European Science Funders Ban Grantees From Publishing In Paywalled Journals (sciencemag.org)
An anonymous reader quotes a report from Science Magazine: Frustrated with the slow transition toward open access (OA) in scientific publishing, 11 national funding organizations in Europe turned up the pressure today. As of 2020, the group, which jointly spends about $8.8 billion on research annually, will require every paper it funds to be freely available from the moment of publication. In a statement, the group said it will no longer allow the 6- or 12-month delays that many subscription journals now require before a paper is made OA, and it won't allow publication in so-called hybrid journals, which charge subscriptions but also make individual papers OA for an extra fee. The move means grantees from these 11 funders -- which include the national funding agencies in the United Kingdom, the Netherlands, and France as well as Italy's National Institute for Nuclear Physics -- will have to forgo publishing in thousands of journals, including high-profile ones such as Nature, Science, Cell, and The Lancet, unless those journals change their business model. Not everyone is pleased by the decision. A spokesperson for Springer Nature, which publishes more than 3,000 journals, said the plan "potentially undermines the whole research publishing system." A spokesperson for AAAS, Science's publisher, added: "Implementing such a plan, in our view, would disrupt scholarly communications, be a disservice to researchers, and impinge academic freedom."

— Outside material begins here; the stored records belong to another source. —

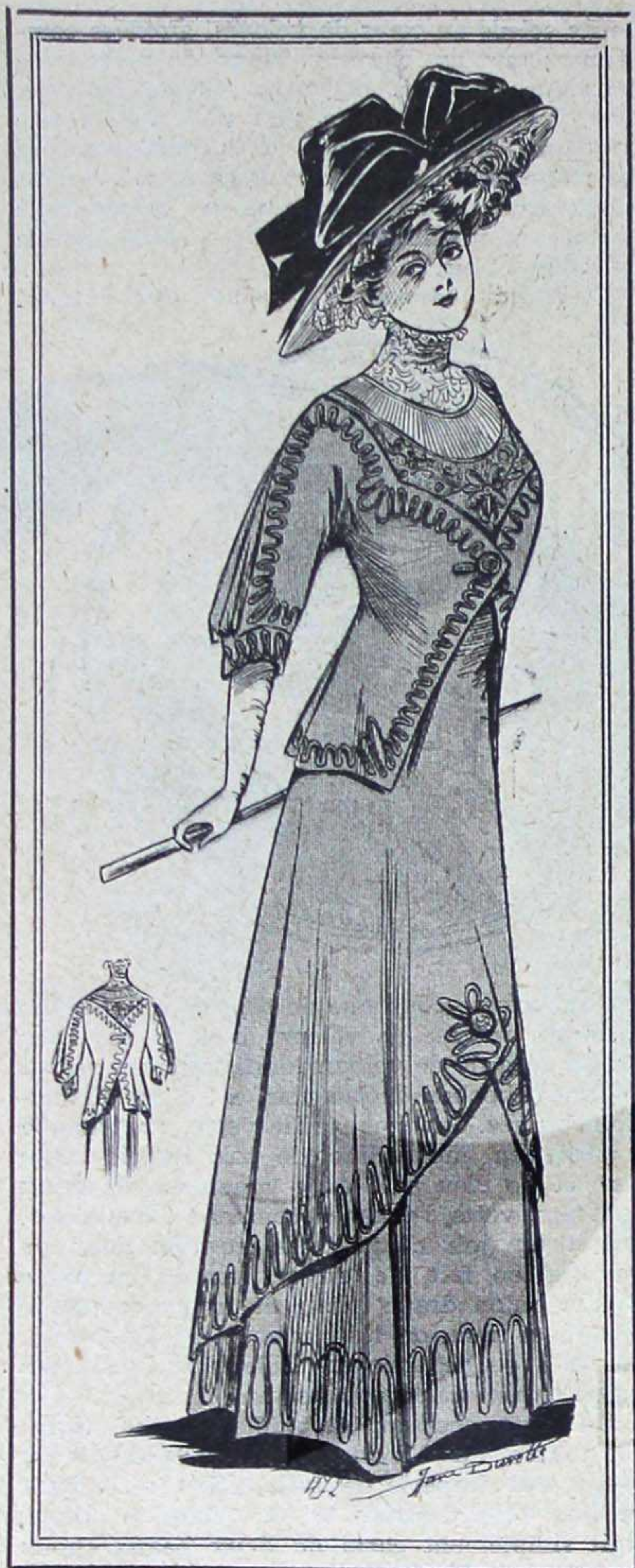
N° 12. TROTTEUR ÉLÉGANT

En toile tussor bleu Nattier, jupe à plis, broderie à même cernée de bleu, intérieur de linon blanc. Cravate et col noirs. Manches en linon. Corsage et haut de manches en toile tussor Nattier. Ceinture brodée. Chapeau Italie vieillie garni vert.
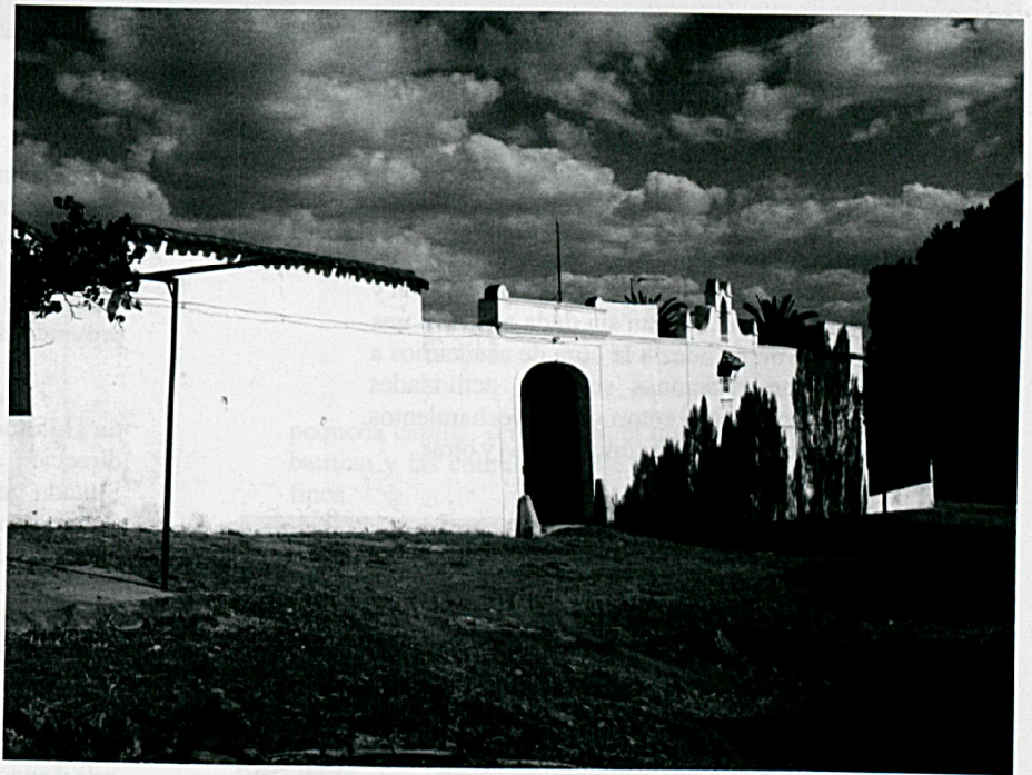
Cortijo Los Partidos

Quizás no encontremos un ejemplo tan valioso a la hora de analizar y comprender el proceso de transformación de la sociedad extremeña, como el que nos deja entrever la historia de los cortijos que inundan los campos de esta comunidad autónoma. El tejido socioeconómico creado alrededor de los cortijos, verdaderos núcleos
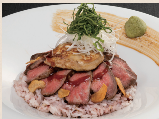
牛フィレ肉と十穀米のテリヤキステーキピラフ フォアグラソテーのせ

Macaroni Gratin with Chicken, Shrimp and Ham
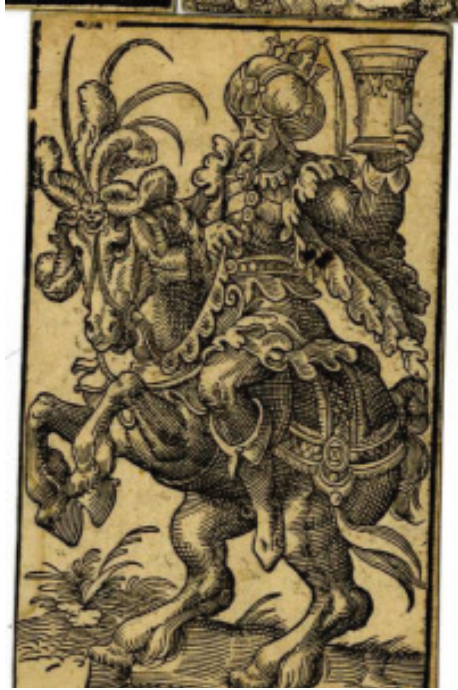
Şekil 6: Jost Amman'ın Kupa Takımı Kral Kartı (The British Museum C, 2022)

yılında yapılmıştır. Sultan, şahlanan bir at üzerinde üç bölü dört profilden bıyıklı olarak resmedilmiştir. Sultanın sol elinde kadeh / kupa tutarken, diğer eliyle atın dizginlerinden tutmaktadır. Sultanın başında tepeliğe eklenmiş bir tacın olduğu sarık bulunmaktadır. Hem sultanın kaftanı hem de atın koşum takımı Osmanlı giyim kuşam geleneğinden uzak olmasına rağmen, atın kuyruğu, Türk geleneğinde olduğu gibi düğümlemiş vaziyettedir.
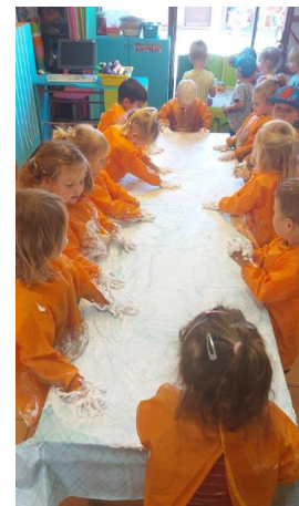
Schrijfdans met scheerschuim KB
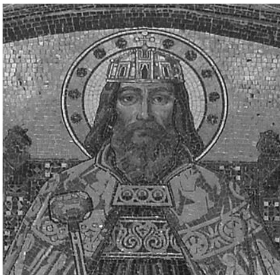
Balatonalmádiban a Szent Jobb kápolnában Róth Miksa által készített Szent Istvánt ábrázoló aranymozaik részlet

...there's times I really love Europe.
uh, that would be the point...
I am not a robot. I am a unicorn.
"If everything has to be OA then there will be no profit and there will be no reason for those things to exist"
Open Access, yeah lucky we don't have such an idea in software...... oh wait.
The people doing the work aren't making any profit anyway. The funding comes from taxes, and the scientists aren't getting paid if someone buys a copy of their paper, they just do it because they have to publish in those journals if they want a job (which is a whole different issue). This is not at all like books or other written works, where the authors are the ones being paid.
The only ones who makes money, and therefore stands to lose, are the journals. In the past they did provide a valuable service, but in the digital age they're just trying to cling onto an antiquated business model and shove it down the rest of the world's throat. Well, screw them. Sorry about your business model, but that's the way it goes. Their time has come and gone, now it is time to open up science to the people who paid for it in the first place. It's absurd that tax dollars should go to producing documents that the tax payers then have to pay $40 to read.
I see no long term downside to this.
There are plenty of reasonable models for scientific publishing other than "reader pays". For instance, "author pays" can work well, so that the cost of publishing the results is part of the research grant. All publicly funded research results should be available to the public. We should just ignore the chicken-littles and their broken business models. The physics community has had arXiv.org for decades, and yet the world continues to turn.
Ever hear of a public library?
Scientist expect to be able to access the bulk of research papers because it's integral to science itself. The paywalling of such papers makes the majority of them inaccessible to scientists and the public. Nobody, especially the average scientist/researcher, has the near unlimited funds that would be needed to search out data from the wide array of papers and publications out there. And yet, the sharing of information and collaboration of knowledge is a vital process to the enrichment of science itself.
The paywalls are massive detriment to the progress of science and humanity. Fuck the fees!